- Opening Delimiter -

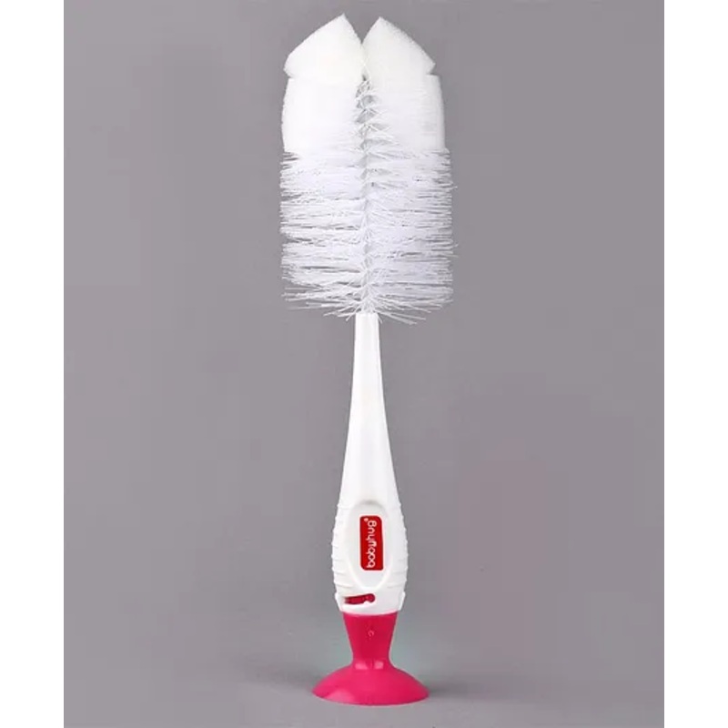 2 Brushes Includes a bottle brush and a soft nipple brush for comprehensive cleaning.Sponge Tip Helps reach all areas of the bottle with a foamy swipe for thorough cleaning.Non-Slip Handle Provides a secure grip even with soapy hands, making cleaning easier.Upright Brush Base Sits upright on your countertop when not in use, airing out quickly to keep the brush germ-free.Durable Bristles Scratch-free yet soft, ensuring a gentle cleaning of all surfaces.Soft Nipple Brush Designed to fit all types of teats without causing any damage, it fits in the bottle brush handle.Ideal for Standard and Angled Bottles Versatile design perfect for various bottle shapes.Top Rack Dishwasher Safe Easy to clean and maintain, simply place it in the top rack of the dishwasher.Step-by-Step GuideBottle CleaningRinse Rinse the bottle with warm water to remove any milk residue.Scrub Use the bottle brush to scrub the inside of the bottle thoroughly. The rotating feature helps reach all areas.Rinse Again Rinse the bottle with clean water.Nipple CleaningRinse Rinse the nipple with warm water.Scrub Use the smaller nipple brush to clean inside the nipple, ensuring all milk residue is removed.Rinse Again Rinse the nipple with clean water.Dry Allow both the bottle and nipple to air dry on a clean rack. Specifications Brand – Babyhug Type – 2 In 1 Bottle & Nipple Cleaning Brush Age – 0 to 24 MonthsHandle – Polypropylene Bristle – Nylon Bristle Stem – Stainless Steel Suction – Thermoplastic Rubber Packing Dimension -L 32.5, W 9, H 6 cm Big Brush Length – 22 cm Small Brush Length – 10 cm Product DescriptionIntroducing the Babyhug 2 In 1 Bottle & Nipple Cleaning Brush – Pink, a versatile and practical solution for keeping your baby’s feeding gear sparkling clean. This set includes a bottle brush and a soft nipple brush, ensuring thorough cleaning of both bottles and teats. The sponge tip allows you to reach all areas with a swipe. The brush base sits upright on your counter when not in use, airing out quickly to keep your brush far away from germs. The durable bristles are scratch-free yet soft, making it gentle on all surfaces. Items included in pack One 2 In 1 Bottle & Nipple Cleaning BrushThe 2 in 1 bottle and nipple cleaning brush allows you to clean all feeding bottles and accessories. The bristles eliminates all food residue, even in the areas of bottles that are most difficult to reach. Has soft & flexible bristles for perfect cleaning. Note The product comes in different colors and packaging, the one available will be shipped to you.
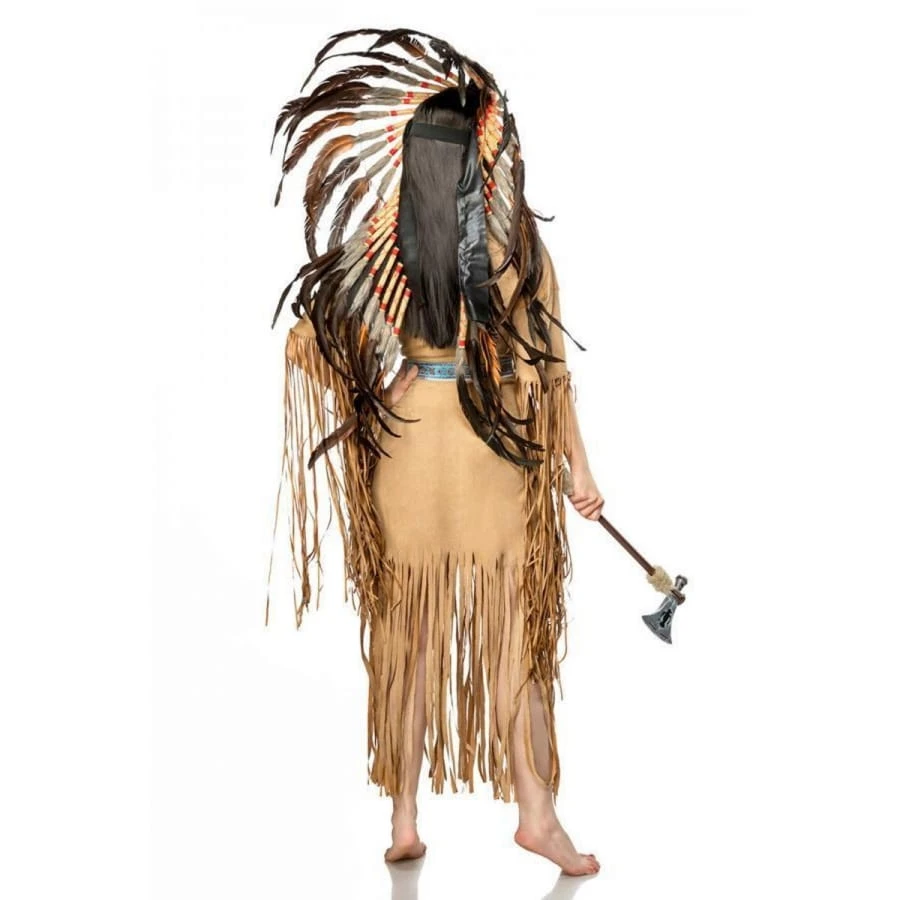 Pour une fête sur le thème de l’Amérique, découvrez cette Robe d’indienne marron à franges avec coiffe, luxe.
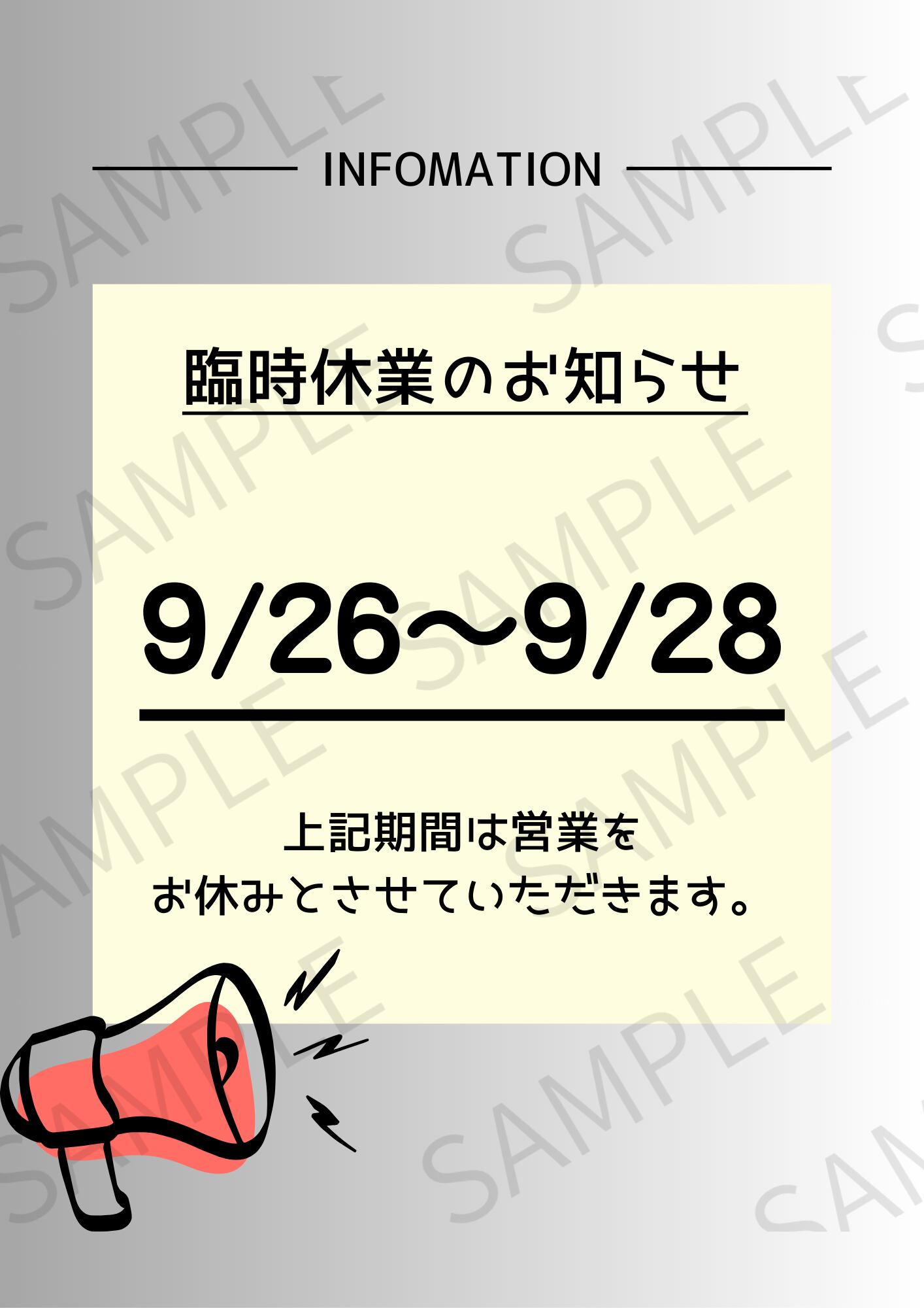 【A4ポスター用】日付入りの臨時休業のお知らせ画像(グラデーション)
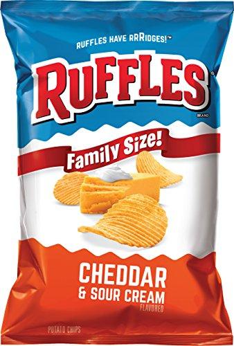 Ruffles cheddar and sour cream flavored potato chips have bold, thick and deep ridges to hold more of the real cheddar cheese and sour cream flavor you love. Theyre strong enough to withstand any dip. These big bags are convenient and perfect for sharing some delicious fun at home.
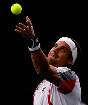 Petenis unggulan keempat David Ferrer sukses mengÂamanÂkan tiket perempat final turÂnaÂmen Paris Masters 2012 setelah meÂmeras keringat di babak keÂtiga melawan petenis Swiss, StaÂnislas Wawrinka.
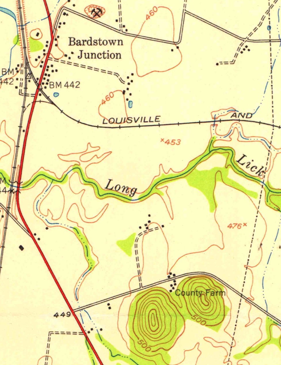 As many as twenty-two people at a time lived on the Poor Farm, but that was before Joe Raley's time. With the creation of old age pensions by the government, the number of Poor Farm residents decreased as "Homes" started coming into existence that were willing to take the pension money for their care. In 1954, some of the farm was sold for a right-of-way for the new "Kentucky Turnpike" toll road, later to become Interstate 65.
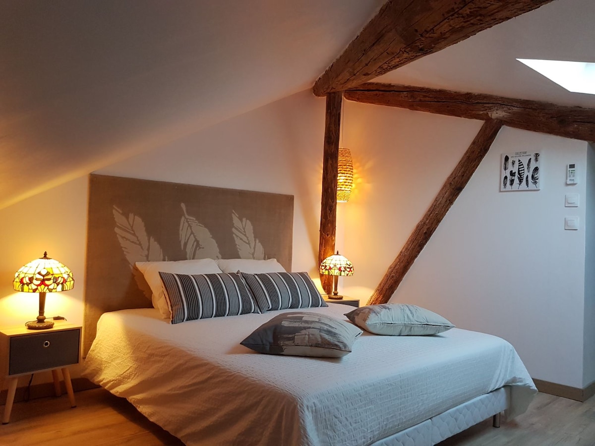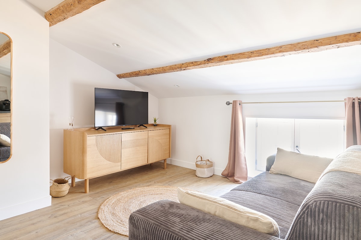 Un cocon sous les toits,lumineux et chaleureux, un petit nid pour prendre le temps de découvrir les richesses architecturales et historiques de Béziers ou faire une pause romantique en toute discretion. Idéalement situé, en centre ville en face du parc des Poètes, à 50 m des Allées Paul Riquet et à 5 minutes à pied de la gare et du Polygone. Pour votre confort, grand lit 160 , internet haut débit,douche a jet,deux TV écran plat,decoration originale, équipement neuf et climatisation.Appreciez.
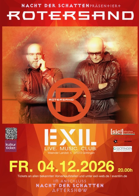 https://neuwerk-music.com neuwerk Music neuwerk Music - Nacht der Schatten Veranstaltung mit neuwerk Music FR. 04.12.2026 EXIL live. music. club. Göttingen, Weender Landstraße 5 Einlaß: 19.00h / Beginn: 20.00h + Aftershowparty: Nacht der Schatten Dec 04.12 DE Göttingen Exil Exil, DE, Göttingen Nacht der Schatten @ Exil

- Closing Delimiter -

Reproduce all of the entries exactly as they appear, though any picture they include must be omitted.

 2 Brushes Includes a bottle brush and a soft nipple brush for comprehensive cleaning.Sponge Tip Helps reach all areas of the bottle with a foamy swipe for thorough cleaning.Non-Slip Handle Provides a secure grip even with soapy hands, making cleaning easier.Upright Brush Base Sits upright on your countertop when not in use, airing out quickly to keep the brush germ-free.Durable Bristles Scratch-free yet soft, ensuring a gentle cleaning of all surfaces.Soft Nipple Brush Designed to fit all types of teats without causing any damage, it fits in the bottle brush handle.Ideal for Standard and Angled Bottles Versatile design perfect for various bottle shapes.Top Rack Dishwasher Safe Easy to clean and maintain, simply place it in the top rack of the dishwasher.Step-by-Step GuideBottle CleaningRinse Rinse the bottle with warm water to remove any milk residue.Scrub Use the bottle brush to scrub the inside of the bottle thoroughly. The rotating feature helps reach all areas.Rinse Again Rinse the bottle with clean water.Nipple CleaningRinse Rinse the nipple with warm water.Scrub Use the smaller nipple brush to clean inside the nipple, ensuring all milk residue is removed.Rinse Again Rinse the nipple with clean water.Dry Allow both the bottle and nipple to air dry on a clean rack. Specifications Brand – Babyhug Type – 2 In 1 Bottle & Nipple Cleaning Brush Age – 0 to 24 MonthsHandle – Polypropylene Bristle – Nylon Bristle Stem – Stainless Steel Suction – Thermoplastic Rubber Packing Dimension -L 32.5, W 9, H 6 cm Big Brush Length – 22 cm Small Brush Length – 10 cm Product DescriptionIntroducing the Babyhug 2 In 1 Bottle & Nipple Cleaning Brush – Pink, a versatile and practical solution for keeping your baby’s feeding gear sparkling clean. This set includes a bottle brush and a soft nipple brush, ensuring thorough cleaning of both bottles and teats. The sponge tip allows you to reach all areas with a swipe. The brush base sits upright on your counter when not in use, airing out quickly to keep your brush far away from germs. The durable bristles are scratch-free yet soft, making it gentle on all surfaces. Items included in pack One 2 In 1 Bottle & Nipple Cleaning BrushThe 2 in 1 bottle and nipple cleaning brush allows you to clean all feeding bottles and accessories. The bristles eliminates all food residue, even in the areas of bottles that are most difficult to reach. Has soft & flexible bristles for perfect cleaning. Note The product comes in different colors and packaging, the one available will be shipped to you.
 Pour une fête sur le thème de l’Amérique, découvrez cette Robe d’indienne marron à franges avec coiffe, luxe.
 【A4ポスター用】日付入りの臨時休業のお知らせ画像(グラデーション)
 Ruffles cheddar and sour cream flavored potato chips have bold, thick and deep ridges to hold more of the real cheddar cheese and sour cream flavor you love. Theyre strong enough to withstand any dip. These big bags are convenient and perfect for sharing some delicious fun at home.
 Petenis unggulan keempat David Ferrer sukses mengÂamanÂkan tiket perempat final turÂnaÂmen Paris Masters 2012 setelah meÂmeras keringat di babak keÂtiga melawan petenis Swiss, StaÂnislas Wawrinka.
 As many as twenty-two people at a time lived on the Poor Farm, but that was before Joe Raley's time. With the creation of old age pensions by the government, the number of Poor Farm residents decreased as "Homes" started coming into existence that were willing to take the pension money for their care. In 1954, some of the farm was sold for a right-of-way for the new "Kentucky Turnpike" toll road, later to become Interstate 65.
 Un cocon sous les toits,lumineux et chaleureux, un petit nid pour prendre le temps de découvrir les richesses architecturales et historiques de Béziers ou faire une pause romantique en toute discretion. Idéalement situé, en centre ville en face du parc des Poètes, à 50 m des Allées Paul Riquet et à 5 minutes à pied de la gare et du Polygone. Pour votre confort, grand lit 160 , internet haut débit,douche a jet,deux TV écran plat,decoration originale, équipement neuf et climatisation.Appreciez.
 https://neuwerk-music.com neuwerk Music neuwerk Music - Nacht der Schatten Veranstaltung mit neuwerk Music FR. 04.12.2026 EXIL live. music. club. Göttingen, Weender Landstraße 5 Einlaß: 19.00h / Beginn: 20.00h + Aftershowparty: Nacht der Schatten Dec 04.12 DE Göttingen Exil Exil, DE, Göttingen Nacht der Schatten @ Exil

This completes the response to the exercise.